We thank Amanda Hobson, Gladys Sarcher, Jane Spruce and Ted Thorley, who were members of the public involvement panel with experience of being family carers of people with dementia. We would like to thank the Alzheimer’s Society for providing support through the Research Network in identifying public involvement members to work with us on this study.
The support of the Clinical Research Network and ENRICH was invaluable for site recruitment and data collection. Thank you to Sara Yearsley, Margaret Broughton Smith and Philip Tinkler.
The research was designed, conducted, analysed and interpreted by the authors, entirely independently of the funding sources.
Contributions of authors
Katherine Froggatt (https://orcid.org/0000-0003-0339-3877) (Professor of Ageing and Palliative Care) was the chief investigator. She designed and co-ordinated the delivery of the study, and drafted and finalised the application, protocol and final report.
Ashley Best (https://orcid.org/0000-0002-7268-8735) (Trial Statistician) was the phase 3 feasibility trial statistician and carried out data analysis for phase 3.
Frances Bunn (https://orcid.org/0000-0002-5885-918X) (Professor of Health and Complex Conditions) co-led the phase 1 realist review. She designed and supervised the data collection for the realist review and drafted the findings.

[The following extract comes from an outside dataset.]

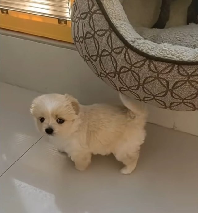 Fate intervened when a Good Samaritan happened to be on his way to a barber shop. As he walked down the street, he noticed a tiny white puppy struggling to move, shaking from the cold.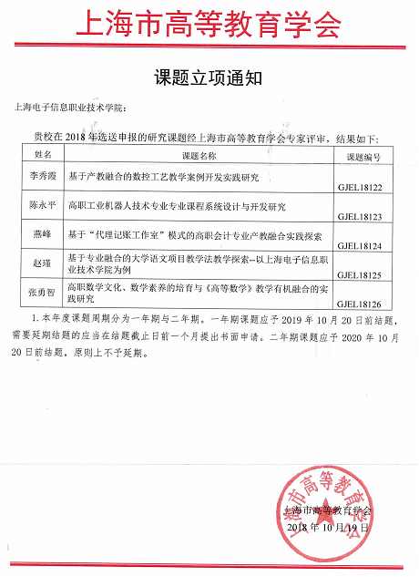 根据上海市高等教育学会《关于2018年度规划课题申报的通知》的要求,2018年7月,科研处在全校范围内组织开展了2018年上海市高等教育学会课题申报工作。经科研处初审、校内专家评审、校学术委员会审定,择优报送...

Girvan Burnside (https://orcid.org/0000-0001-7398-1346) (Lead Statistician) was responsible for statistical aspects of trial design and supervised data analysis in phase 3.
Joanna Coast (https://orcid.org/0000-0002-3537-5166) (Professor in the Economics of Health & Care) conceived, designed and led the economic component of the research, including analysis, interpretation and writing.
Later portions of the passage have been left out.